◆ Task directions
Everything from the first line of the data below through the line that contains "树林 森林 一条心。读了这段文字,你想到了哪些画面?所属专题:日月明ppt。" should be written out exactly, please, and nothing more; the pictures stay out.

◆ Provided data
=-=-=

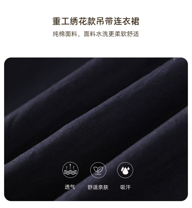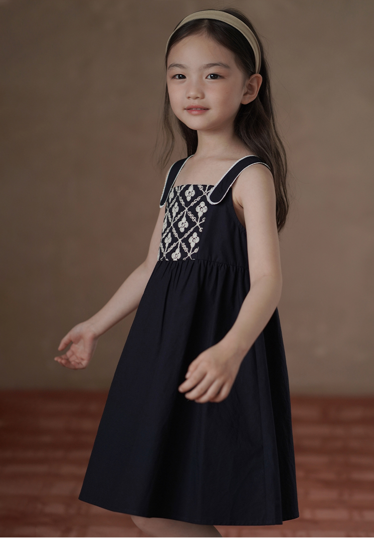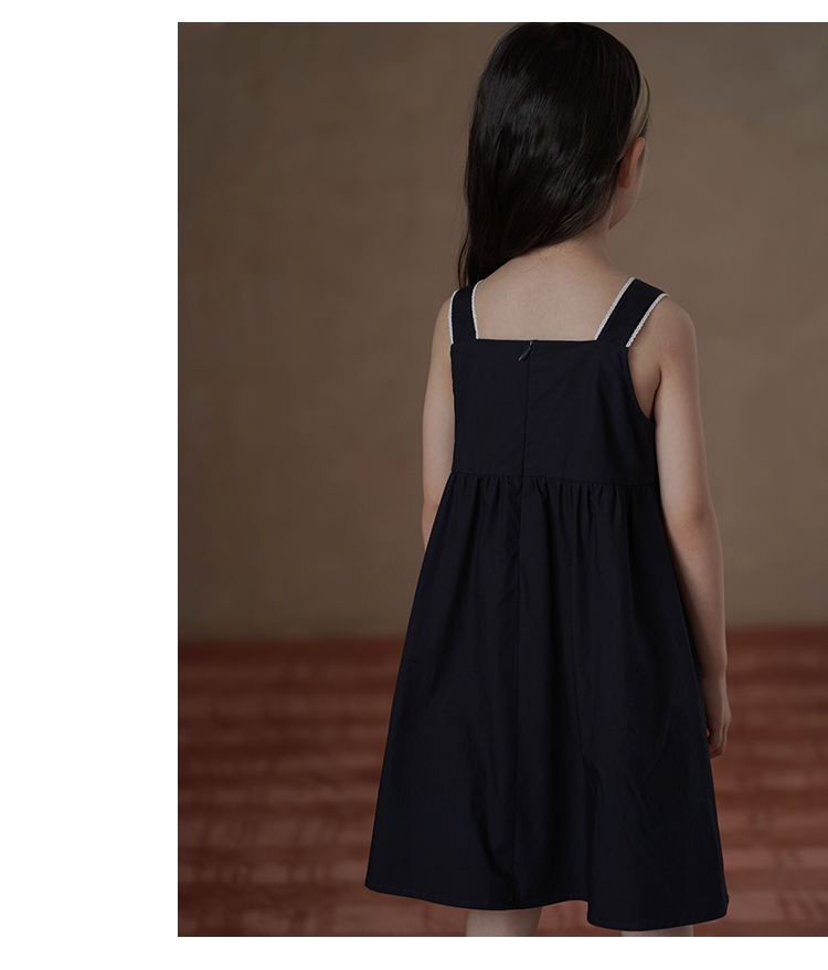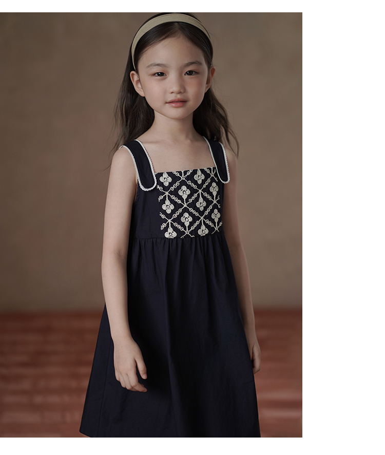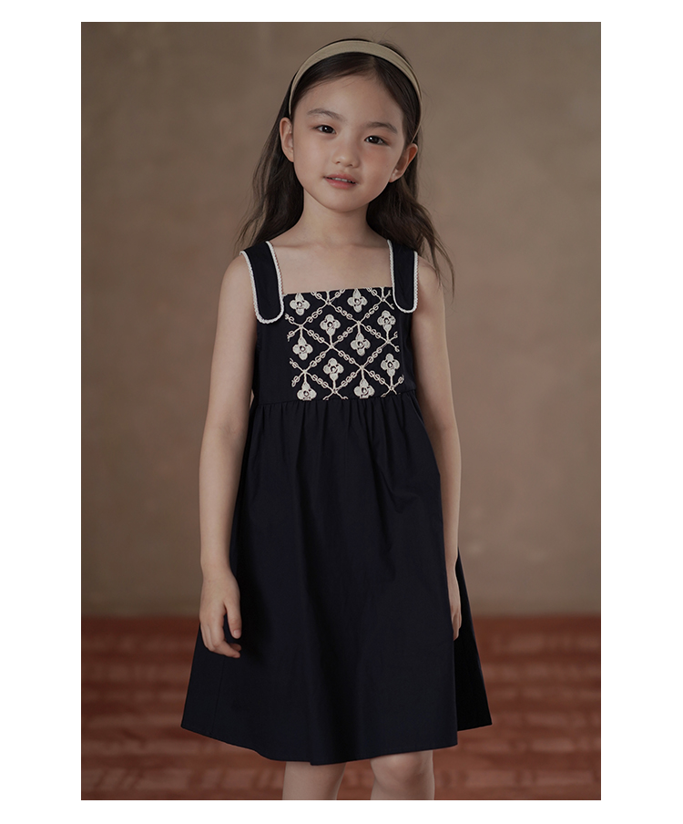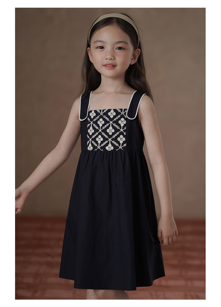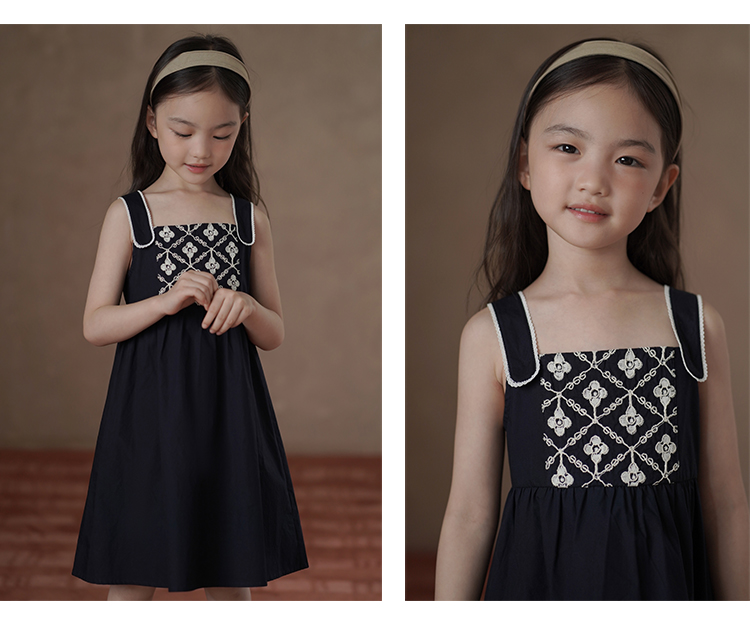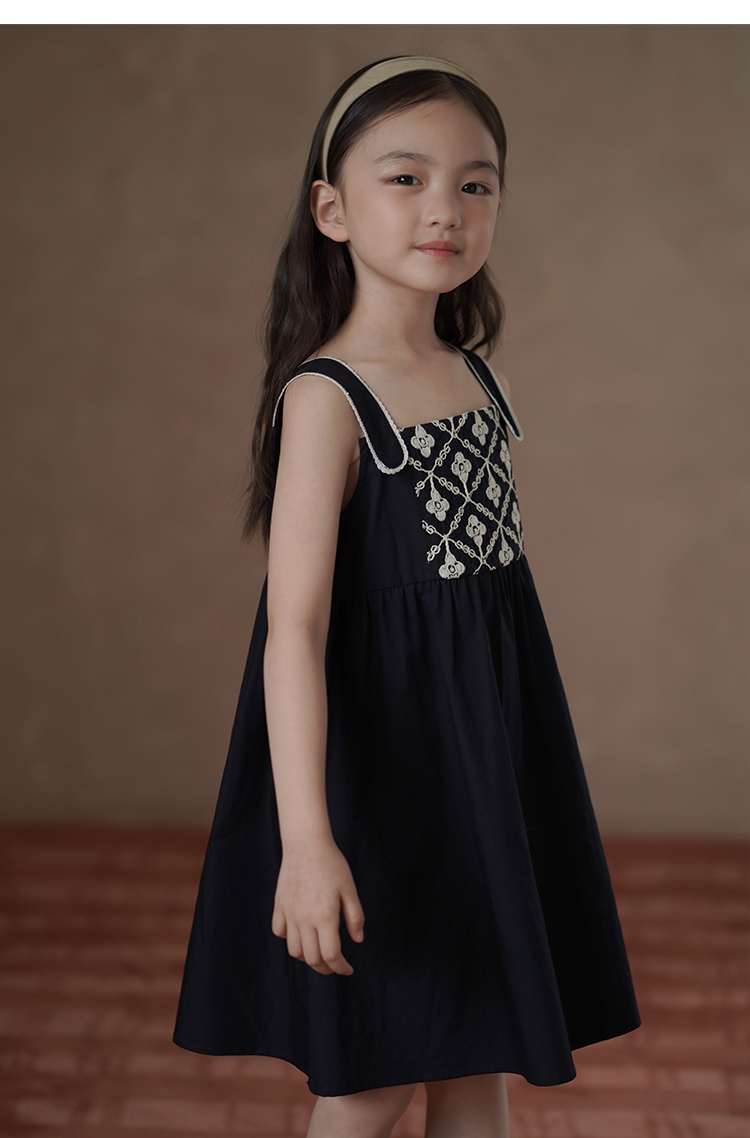 哈齒童裝兒童吊帶裙夏季新款重工中長裙女童藏青連衣裙親膚全棉
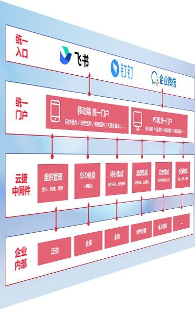 对协作平台提供支持服务,,支持企业应用与协作平台对接,,,包含组织同步、、、消息集成、、、待办集成等。。。。支持目前主流的协作平台:钉钉、、企微和飞书。。
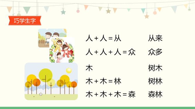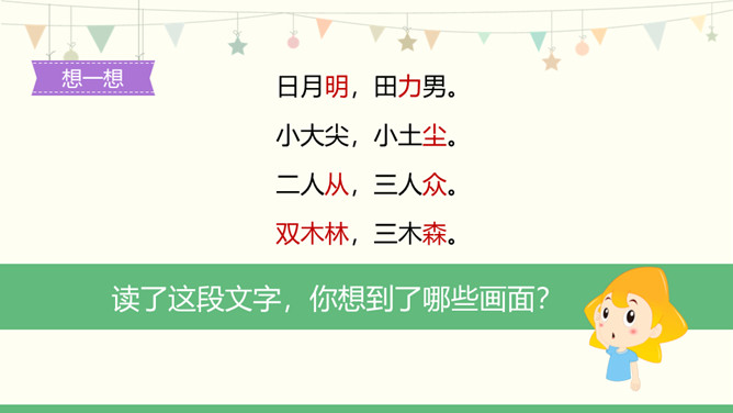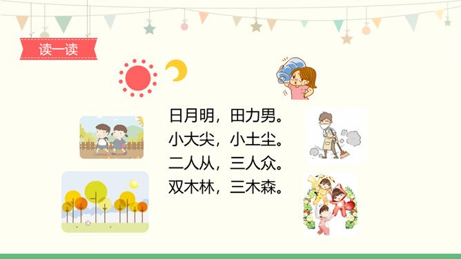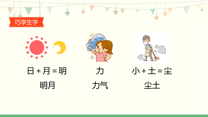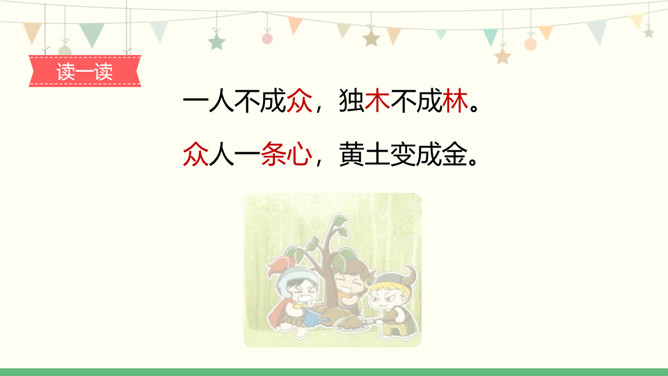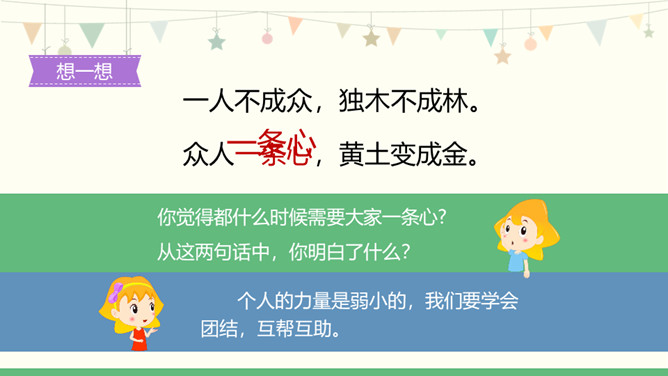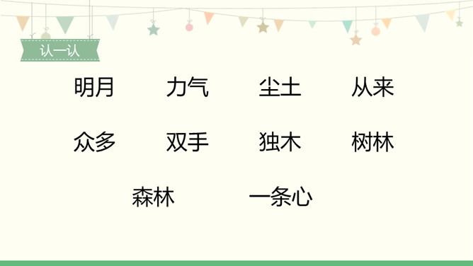你觉得都什么时候需要大家一条心?从这两句话中,你明白了什么?个人的力量是弱小的,我们要学会团结,互帮互助。认一认:明月 力气 尘土 从来 众多 双手 独木 树林 森林 一条心。读了这段文字,你想到了哪些画面?所属专题:日月明ppt。
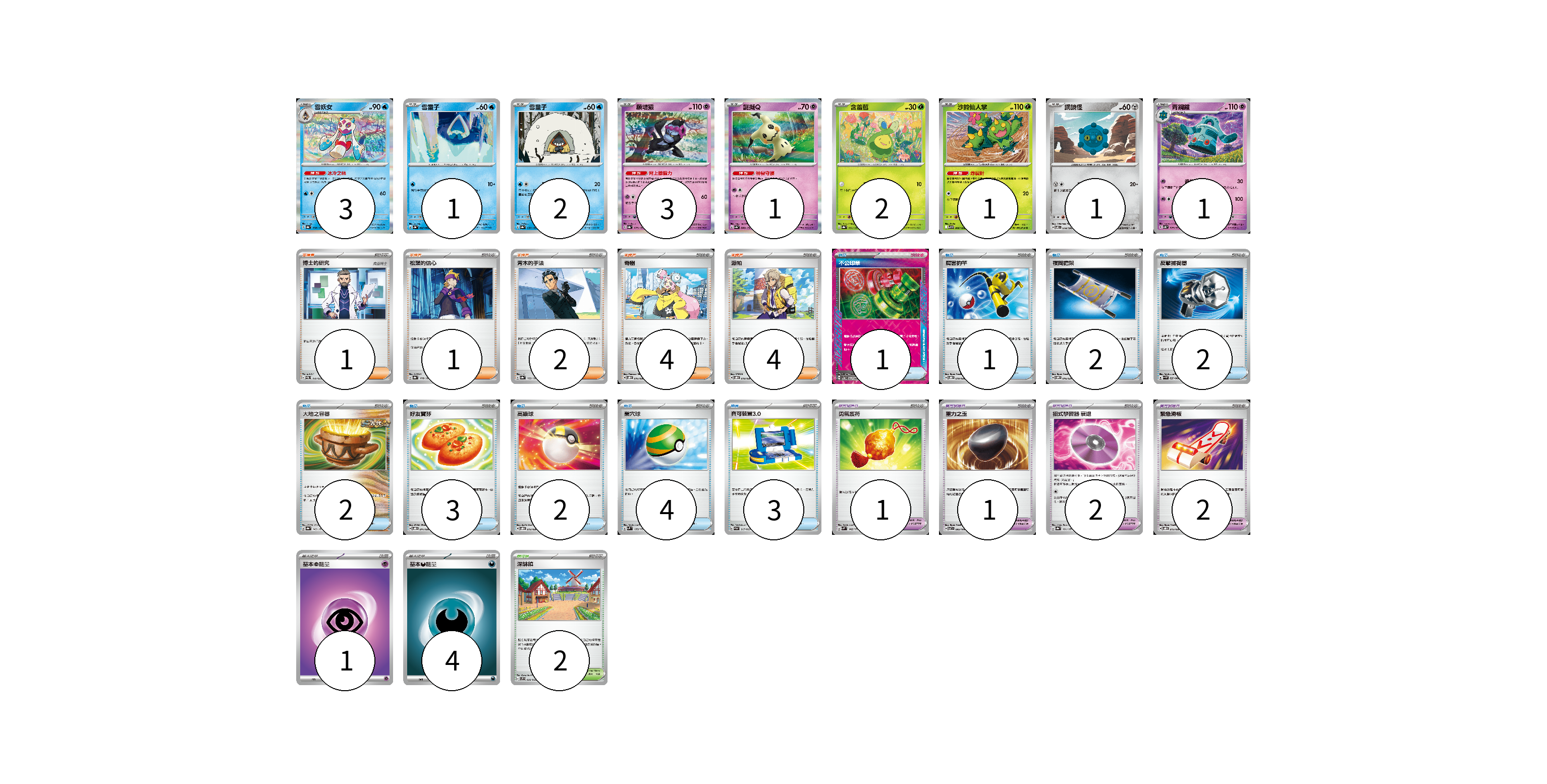 牌組構築方案 以此牌組為基礎新構築牌組 顯示卡面 顯示列表 寶可夢卡(15) 3 1 2 3 1 2 1 1 1 寶可夢道具(6) 1 1 2 2 物品卡(20) 1 1 2 2 2 3 2 4 3 支援者卡(12) 1 1 2 4 4 競技場卡(2) 2 能量卡(5) 1 4 寶可夢卡(15) 卡牌名稱 張數 卡牌名稱 張數 雪妖女 SV8a 038/187 03 雪童子 SV3a 005/062 01 雪童子 SV8a 037/187 02 願增猿 SV8a 075/187 03 謎擬Q SV4a 088/190 01 含羞苞 SV8a 001/187 02 沙鈴仙人掌 SV9 006/100 01 銅鏡怪 SV8 078/106 01 青銅鐘 SV5K 029/071 01 寶可夢道具(6) 卡牌名稱 張數 卡牌名稱 張數 勇氣護符 SVM 142/175 01 重力之玉 SV7 095/102 01 招式學習器 衰退 SV8a 161/187 02 緊急滑板 SVOD 015/020 02 物品卡(20) 卡牌名稱 張數 卡牌名稱 張數 不公印章 SV5a 053/066 01 厲害釣竿 SVOD 010/020 01 夜間擔架 SVOM 016/021 02 反擊捕捉器 SV4M 059/066 02 大地之容器 SV8a 143/187 02 好友寶芬 SVOD 011/020 03 高級球 SVOD 012/020 02 巢穴球 SVM 133/175 04 寶可裝置3.0 SVAM 017/023 03 支援者卡(12) 卡牌名稱 張數 卡牌名稱 張數 博士的研究 SVEM 019/020 01 松葉的信心 SV8a 178/187 01 青木的手法 SV8a 162/187 02 奇樹 SVOD 016/020 04 派帕 SVOD 018/020 04 競技場卡(2) 卡牌名稱 張數 卡牌名稱 張數 深缽鎮 SVF 036/038 02 能量卡(5) 卡牌名稱 張數 卡牌名稱 張數 基本超能量 sv-p PSY 01 基本惡能量 sv-p DAR 04 以此牌組為基礎新構築牌組 牌組編碼 LEPdNC-QWZnny-RamUQh copy 列印牌組單 牌組編碼已複製 分享至SNS

=-=-=

◆ Your response
 哈齒童裝兒童吊帶裙夏季新款重工中長裙女童藏青連衣裙親膚全棉
 对协作平台提供支持服务,,支持企业应用与协作平台对接,,,包含组织同步、、、消息集成、、、待办集成等。。。。支持目前主流的协作平台:钉钉、、企微和飞书。。
你觉得都什么时候需要大家一条心?从这两句话中,你明白了什么?个人的力量是弱小的,我们要学会团结,互帮互助。认一认:明月 力气 尘土 从来 众多 双手 独木 树林 森林 一条心。读了这段文字,你想到了哪些画面?所属专题:日月明ppt。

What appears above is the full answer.